Denis Sheahan: I think it’s the latter. Mike, would you agree?
Michael Carotenuto: Yes.
Denis Sheahan: It’s the latter, Bernie, that just softness, the borrowers are generally on the sidelines building cash. And I think waiting to see what the new environment where we end up. We’re hearing of projects sort of being mothballed. Just people — the uncertainty is we understand why this is happening. But the uncertainty is not welcomed by a lot of commercial borrowers.
Bernard Horn: Sure. Makes sense. And then on your payoff, did you have anything material in 2021? That would have been higher, had to not had the pay offs? And then on the that’s fine. On the deposit side, it looks like you’ve got a tick up in, like wholesale deposits?
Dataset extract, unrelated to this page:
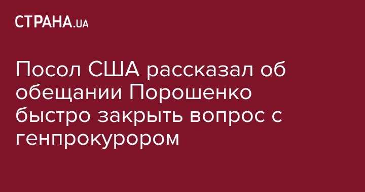 Президент Украины Петр Порошенко заверил американские власти, что намерен быстро решить вопрос с назначением нового независимого, профессионального генерального прокурора. Как передает"Интерфакс-Украина" об этом заявил посол США в Украине Джефри Пайетт.

Is that something you have look to increase in the prior year and the upcoming year? Or is it just things that came your way? Because people are looking for yield?
Denis Sheahan: No, Bernie it’s really — it’s an alternative to Federal Home Loan Bank basically. This is accounting for the robust loan growth we had and some deposit outflows for those clients who are searching for yield. So it’s either Federal Home Loan Bank or brokered CDs. It’s not other than that. It’s — we put them basically in the same category with about $480 million of wholesale funds.
Bernard Horn: Yes, okay. That’s — that was my follow on question. How does it compare to the FHLB borrowings? Great. Thanks. That’s all I had. Good quarter.
Denis Sheahan: Thanks, Bernie.
Michael Carotenuto: Thanks, Bernie.
Operator: This concludes our question-and-answer session. I would like to turn the conference back over to Denis Sheahan for any closing remarks.
Denis Sheahan: Thank you, everybody, for your participation. We look forward to speaking to you again at our next earnings release conference call.
Operator: The conference has now concluded. Thank you for attending today’s presentation. You may now disconnect.